This is the type of case the Criminal Investigators over at the Insolvency Service are looking for, and such cases usually end up in court. The reason is that the Director named has breached the Companies Act 2006 by not informing his BBL Lender about the dissolution.
On 27 June 2020 Daniel Ryan Jones (‘Mr Jones’) applied for and obtained a government-backed Bounce Back Loan (‘BBL’) of £50,000 for Danny Evans Engineering Ltd (DEE’) by providing false or knowingly inaccurate information regarding DEE’s turnover in 2019, thereby causing it to obtain £41,756 to which it was not entitled.
Mr Jones failed to ensure that the proceeds of the loan were used in their entirety for the economic benefit of the business as required under the terms of the BBL scheme.
In that:
Obtaining a BBL
- The BBL scheme permitted a loan of up to 25% of a business’ turnover in the calendar year 2019 (or estimated turnover if it had been established after 01 January 2019), to a maximum of £50,000.
- DEE was incorporated in August 2019 and the first transaction on its bank account was on 17 September 2019.
- Its bank statements record income of £9,619 to 31 December 2019, which would have equated to income of approximately £32,979 for the year.
- This income would have entitled DEE to a BBL of no more than £8,244.

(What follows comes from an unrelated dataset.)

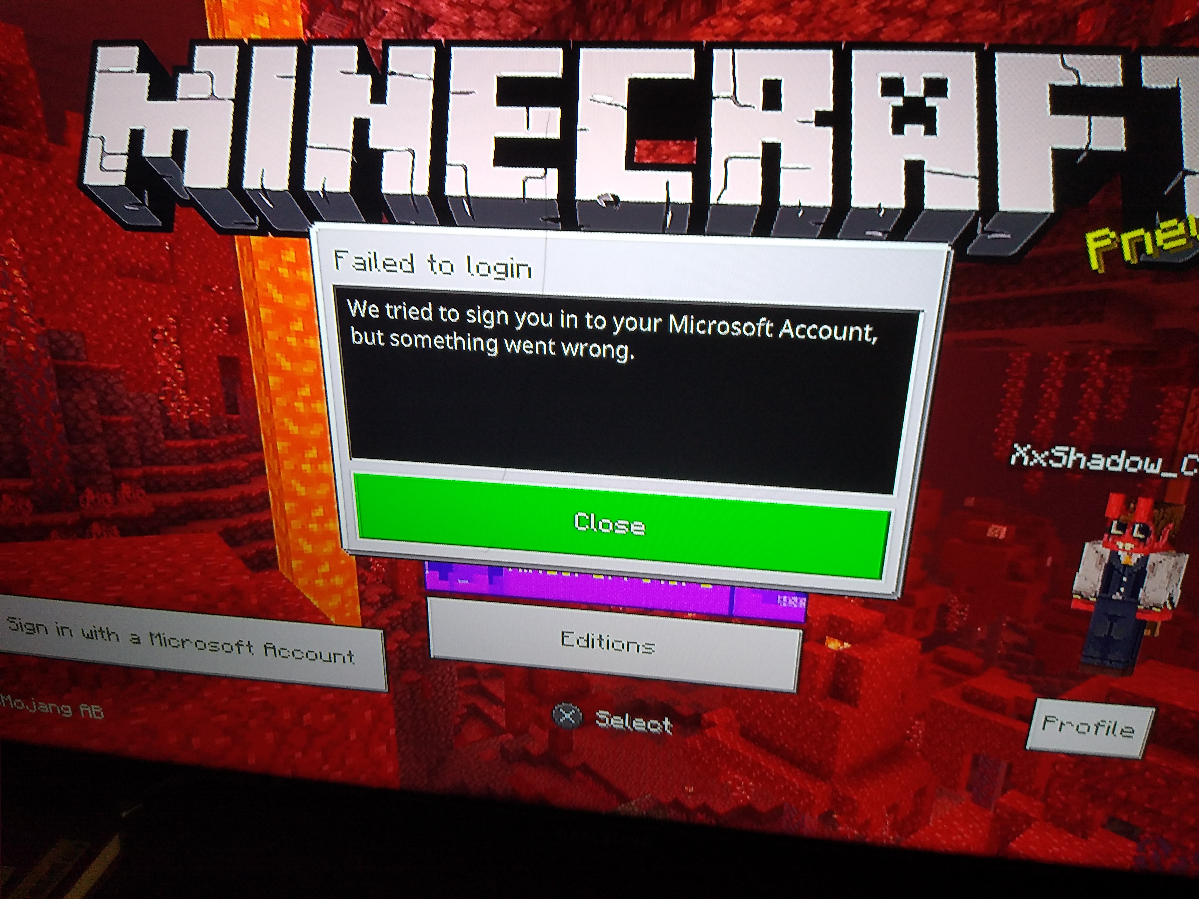 This error message keeps appearing as I try to log in to my account.

- On 27 June 2020 Mr Jones completed an application form for a BBL from DEE’s bank, self-certifying that its turnover in 2019 was £285,000 and requesting a loan of £50,000.
- Mr Jones has failed to provide any documentation to support the level of turnover claimed in the application.
Disbursal of the BBL
- The terms of the BBL scheme required the proceeds to be used solely for the economic benefit of the business.

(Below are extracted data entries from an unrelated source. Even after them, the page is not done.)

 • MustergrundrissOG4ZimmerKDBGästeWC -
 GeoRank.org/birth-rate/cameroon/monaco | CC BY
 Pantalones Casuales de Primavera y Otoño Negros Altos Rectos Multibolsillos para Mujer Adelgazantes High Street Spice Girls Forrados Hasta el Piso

- Immediately before the receipt of the BBL the bank account balance was £11 cr.
- On 29 June 2020 the BBL was paid into DEE’s account.
- Between 30 June and 26 August 2020 payments were made to an unknown bank account and to 3 third parties, totalling £37,350, a further £12,500 was withdrawn in cash.

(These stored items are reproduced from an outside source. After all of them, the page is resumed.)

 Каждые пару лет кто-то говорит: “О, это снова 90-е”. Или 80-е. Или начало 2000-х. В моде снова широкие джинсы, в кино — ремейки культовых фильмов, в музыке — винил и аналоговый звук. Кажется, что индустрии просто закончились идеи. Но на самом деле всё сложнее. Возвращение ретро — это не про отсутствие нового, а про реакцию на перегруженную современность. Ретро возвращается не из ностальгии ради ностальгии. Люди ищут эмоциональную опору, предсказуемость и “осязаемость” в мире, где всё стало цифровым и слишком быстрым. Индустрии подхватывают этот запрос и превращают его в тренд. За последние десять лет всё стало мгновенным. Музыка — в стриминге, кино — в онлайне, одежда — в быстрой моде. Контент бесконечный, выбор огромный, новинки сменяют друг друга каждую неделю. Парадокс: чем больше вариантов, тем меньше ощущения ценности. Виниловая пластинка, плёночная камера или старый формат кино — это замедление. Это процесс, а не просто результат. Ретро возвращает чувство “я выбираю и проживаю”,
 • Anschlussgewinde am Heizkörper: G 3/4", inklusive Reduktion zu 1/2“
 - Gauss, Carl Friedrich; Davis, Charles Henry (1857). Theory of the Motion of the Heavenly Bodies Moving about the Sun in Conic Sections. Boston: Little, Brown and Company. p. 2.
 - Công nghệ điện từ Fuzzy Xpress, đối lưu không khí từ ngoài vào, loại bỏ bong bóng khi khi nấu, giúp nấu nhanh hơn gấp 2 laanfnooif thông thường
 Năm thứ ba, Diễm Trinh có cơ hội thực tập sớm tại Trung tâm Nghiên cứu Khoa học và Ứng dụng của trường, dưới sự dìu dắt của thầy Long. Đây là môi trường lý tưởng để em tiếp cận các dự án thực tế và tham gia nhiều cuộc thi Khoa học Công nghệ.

- No income was received and by 26 August 2020 the balance on the account was £27cr.
- No documents have been provided to evidence that any of these payments were for the economic benefit of the business.
- The full amount of the BBL remains outstanding.
Mr Jones caused DEE to be dissolved and struck off the register in breach of the requirements of the Companies Act 2006 and without notifying DEE’s bank of the dissolution application.
In that:
- On 10 September 2020 Mr Jones signed a notice of application that DEE be struck off the register and dissolved.
- The application included a declaration that none of the circumstances described in sections 1004 and 1005 of the Companies Act 2006 applied.
- Provisions of those sections include that dissolution is not permitted where a company has traded or engaged in any other activity in the 3 months prior to the application.
- The BBL application was made on 27 June 2020, which was within 3 months of the dissolution application and the proceeds were disbursed in the period to 26 August 2020.
- Section 1006 of the Companies Act 2006 requires the person who made the application for dissolution on behalf of DEE to give notice and provide a copy of that application to DEE’s creditors (the bank is the sole known creditor) within 7 days from the day on which the application was made (i.e. by 17 September 2020).
DEE’s bank has confirmed that it did not receive any notification of the dissolution and remains a creditor for £50,008. DEE was dissolved on 08 December 2020.